Book Synopsis Shakespeare's Practical Jokes by : David Ellis
Download or read book Shakespeare's Practical Jokes written by David Ellis and published by Associated University Presse. This book was released on 2007 with total page 244 pages. Available in PDF, EPUB and Kindle. Book excerpt: Female victims and female jokers -- The privileges of rank -- Falstaff -- The ideal victim -- How far can you go? -- The triumph over shame -- Practical jokes and evil practices.
Book Synopsis Introduction To English Renaissance Comedy by : Alexander Leggatt
Download or read book Introduction To English Renaissance Comedy written by Alexander Leggatt and published by Manchester University Press. This book was released on 1999-08-21 with total page 204 pages. Available in PDF, EPUB and Kindle. Book excerpt: This book provides a comprehensive introduction to Elizabethan, Jacobean and Caroline comedy, covering both public and private theatres, emphasizing the eclectic, experimental nature of this comedy--its departures from the mainstream New Comedy tradition and its searching, witty analysis of social and personal relations in court, city and country.
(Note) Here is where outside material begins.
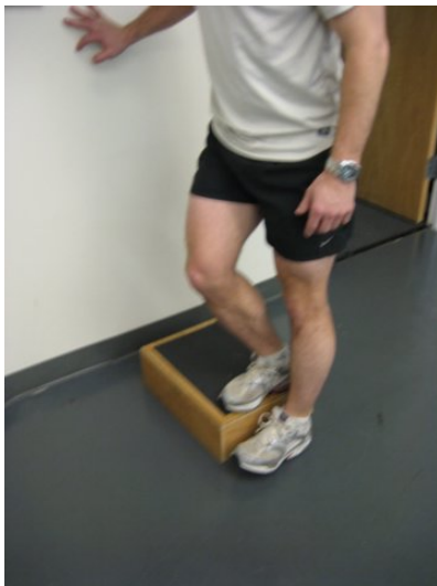
Step downs on step or Bosu

In his close analysis of some of the richest comedies of the period, Alexander Leggatt makes some unexpected connections between them. The reader is given a comprehensive picture of English comedy in one of its most creative periods.
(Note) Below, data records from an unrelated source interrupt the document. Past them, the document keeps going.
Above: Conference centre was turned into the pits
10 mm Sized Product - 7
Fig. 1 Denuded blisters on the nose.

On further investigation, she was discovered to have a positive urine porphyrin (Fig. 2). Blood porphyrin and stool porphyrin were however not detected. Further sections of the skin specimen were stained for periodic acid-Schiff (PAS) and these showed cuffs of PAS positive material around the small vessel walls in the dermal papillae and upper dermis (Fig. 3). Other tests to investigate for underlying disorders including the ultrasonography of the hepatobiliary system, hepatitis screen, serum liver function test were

Book Synopsis The Cambridge Companion to Shakespearean Comedy by : Alexander Leggatt
Download or read book The Cambridge Companion to Shakespearean Comedy written by Alexander Leggatt and published by Cambridge University Press. This book was released on 2002 with total page 260 pages. Available in PDF, EPUB and Kindle. Book excerpt: An accessible, wide-ranging and informed introduction to Shakespeare's comedies, dark comedies and romances, first published in 2001.
Book Synopsis Every Man in His Humour by : Ben Jonson
Download or read book Every Man in His Humour written by Ben Jonson and published by . This book was released on 1822 with total page 106 pages. Available in PDF, EPUB and Kindle. Book excerpt:
Download or read book Venezia written by Trondheim and published by Europe Comics. This book was released on 2019-11-20T00:00:00+01:00 with total page 99 pages. Available in PDF, EPUB and Kindle. Book excerpt: After their first explosive encounter, Giuseppe and Sophia hate one another with a passion. As fate would have it, both have a secret identity permitting them to conduct investigations incognito. Once his false mustache and wig are removed, Giuseppe becomes "the Eagle." And when her tights and black hood are donned, Sophia transforms into "the Black Scorpion." The Eagle and the Scorpion feel an irresistible attraction for one another... but will they share their first kiss and track down the mysterious "Codex Bellum" before Giuseppe and Sophia tear each other into beautiful little pieces?
Download or read book Classical Comedy written by Aristophanes and published by Penguin UK. This book was released on 2006-09-28 with total page 383 pages. Available in PDF, EPUB and Kindle. Book excerpt: From the fifth to the second century BC, innovative comedy drama flourished in Greece and Rome. This collection brings together the greatest works of Classical comedy, with two early Greek plays: Aristophanes' bold, imaginative Birds, and Menander's The Girl from Samos, which explores popular contemporary themes of mistaken identity and sexual misbehaviour; and two later Roman comic plays: Plautus' The Brothers Menaechmus - the original comedy of errors - and Terence's bawdy yet sophisticated double love-plot, The Eunuch. Together, these four plays demonstrate the development of Classical comedy, celebrating its richness, variety and extraordinary legacy to modern drama.